Caching the intermediate result
^^^^^^^^^^^^^^^^^^^^^^^^^^^^^^^

The workflow above is now separable, but we're still not caching anything.
If we commit and push it to GitHub, the runner will still have to execute
``simulation.py`` in order to generate ``simulation.dat``; the same goes for
third-party users who have cloned your repository. Adding caching functionality
can be done by adding a single line to the ``Snakefile``:

.. code-block:: python
    :caption: **File:** ``Snakefile``

    rule simulation:
        output:
            "src/data/simulation.dat"
        cache:
            True
        script:
            "src/scripts/simulation.py"


which tells |showyourwork| to cache the output of that rule (``simulation.dat``).
Normally, if we were just running this in a regular Snakemake pipeline, this
would result in the data file getting cached in some local hidden folder. The
next time you run your workflow, Snakemake will check to see if any of the inputs
to the ``simulation`` rule changed and, if not, it will restore ``simulation.dat``
from the cache (if it's needed).

|showyourwork| builds on this functionality by also caching the file ``simulation.dat``
on Zenodo Sandbox, allowing the results to be restored on *any* computer running your
workflow (as long as they have the correct ``SANDBOX_TOKEN``; but more on this
in a moment). This means that, provided you have run your workflow locally first,
the runner on GitHub Actions will never have to execute ``simulation.py``, as
it can just download the result from Zenodo Sandbox. Recall that this procedure still
guarantees that you'll get the *same result* as if you had run your entire
simulation (provided your workflow is deterministic), since a cache is only
restored if *none* of the upstream inputs to a rule have changed.

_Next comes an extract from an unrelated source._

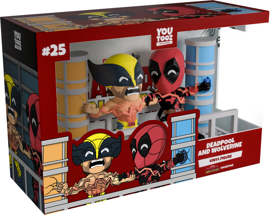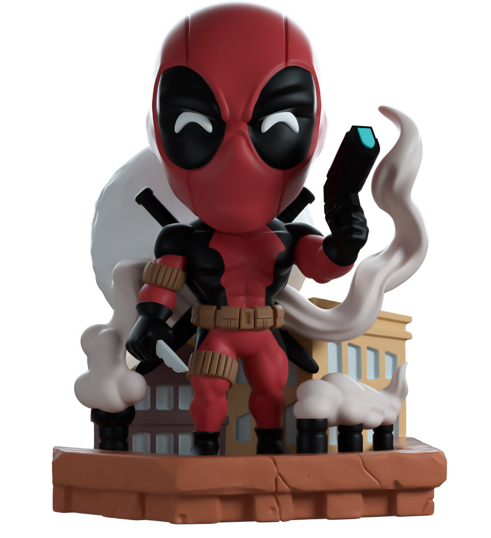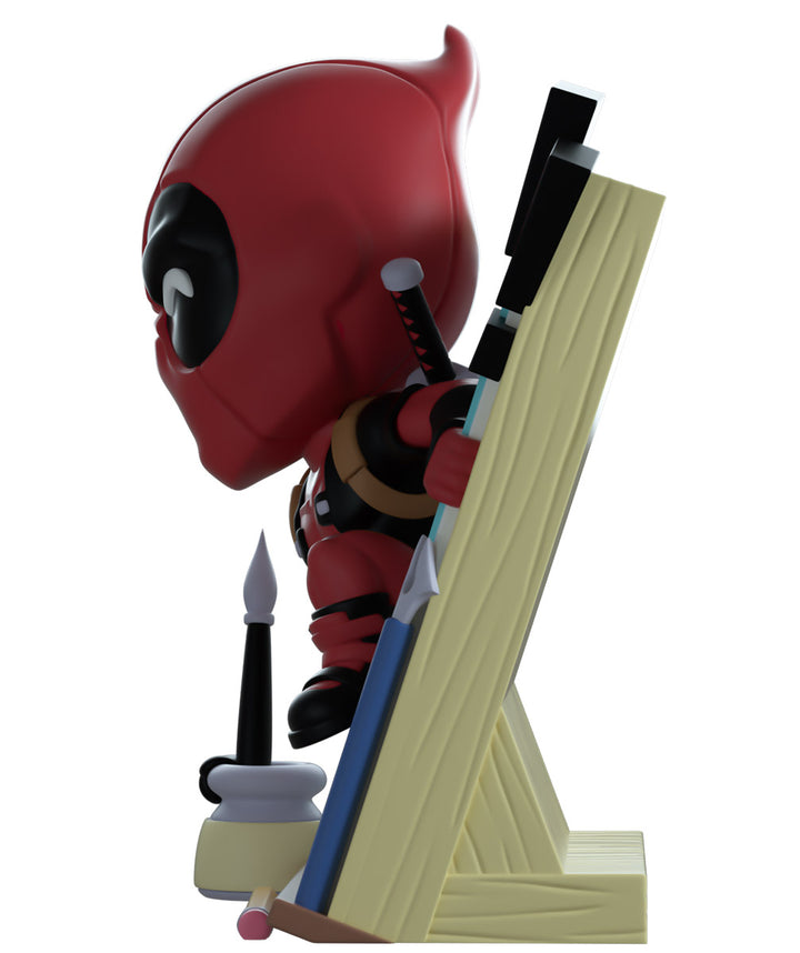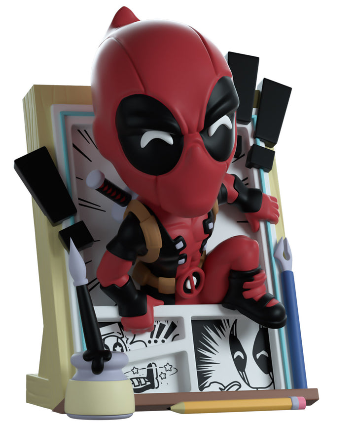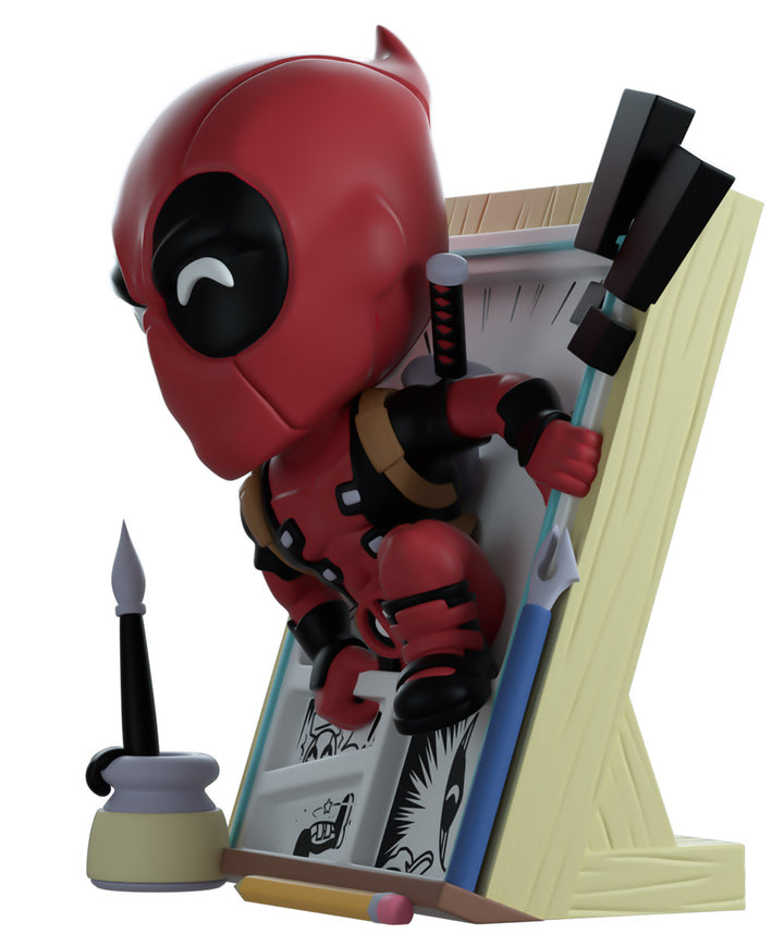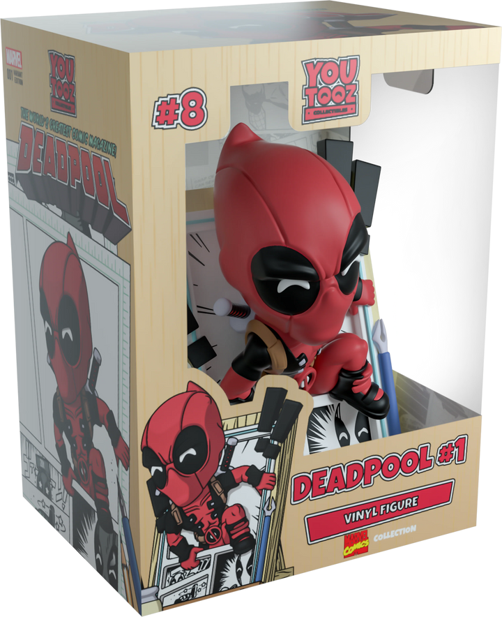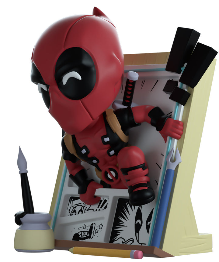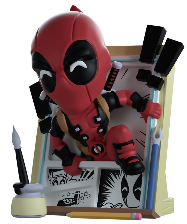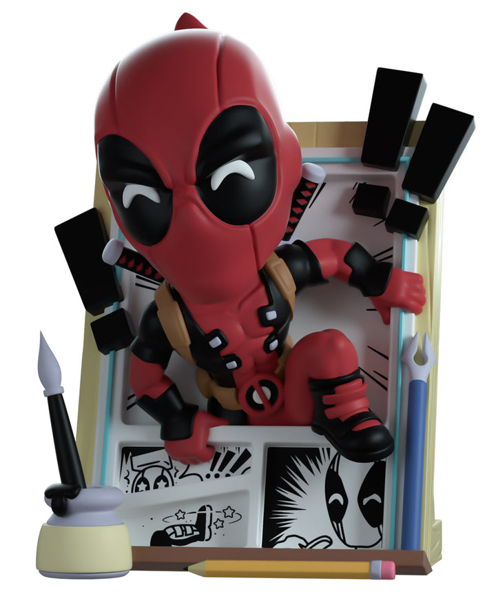 The Merc with a mouth has broken the 4th wall in true Deadpool fashion to make his Youtooz debut! Climbing out of the black and white panels of a comic page at 5.1 inches tall, his hands clasp the edges of the story he’s escaping as his left foot prepares to launch him forward and straight into the real world past a flurry of exclamation marks and drawing tools. Wearing his usual red and black skin-tight suit, that is adorned with a brown belt and shoulder straps, dual katanas sit crossed on his back as bright white pupils shine through the frowning black eyes of his mask which raises in a curled point at the back. The exterior of his packaging sees Deadpool running down the outside of a skyscraper, while the interior is covered in the light grey panels of Marvel comics. The protective sleeve is then covered in a light brown wood grain pattern as his figure can be seen through the large clear window at the packaging’s front. This collectible ships in a matte, embossed, protective outer sleeve and a custom-sized plastic protector for maximum protection during shipping.

The cached files (and the hashes of the rule inputs)
are stored in a Zenodo Sandbox deposit draft with concept ID specified
in your ``zenodo.yml`` config file. If you navigate to Zenodo Sandbox in your
browser and log in, you should see a draft with a title like
``Data for user/repo [main]``, where ``user/repo`` is your repository slug
and ``main`` is the current branch. At any given time, you can only have
one draft per deposit, so if you change any of the inputs to your rule (e.g., if
you change the file ``simulation.py``), the draft will get overwritten with
a new version of the cache. Note, also, that drafts are *private*: only
users with access to your account can see their files.


.. note::

    If you switch branches, or if you set up a repository without caching
    functionality and would like to add it, you can create a new Zenodo Sandbox deposit
    for the current branch by running

    .. code-block:: bash

        showyourwork cache create

    .. raw:: html

        <br/>


.. note::

    Snakemake only allows rules with a single output to be cached
    (see `here <https://snakemake.readthedocs.io/en/v6.15.5/executing/caching.html>`__).
    If you would like to cache a step in your build that generates multiple files,
    the recommended approach is to generate all those files in a dedicated
    directory and cache the directory itself and wrap it in the special ``directory``
    function within the rule:

    .. code-block:: python

        rule simulation:
            output:
                directory("src/data/simulation")
            cache:
                True
            script:
                "src/scripts/simulation.py"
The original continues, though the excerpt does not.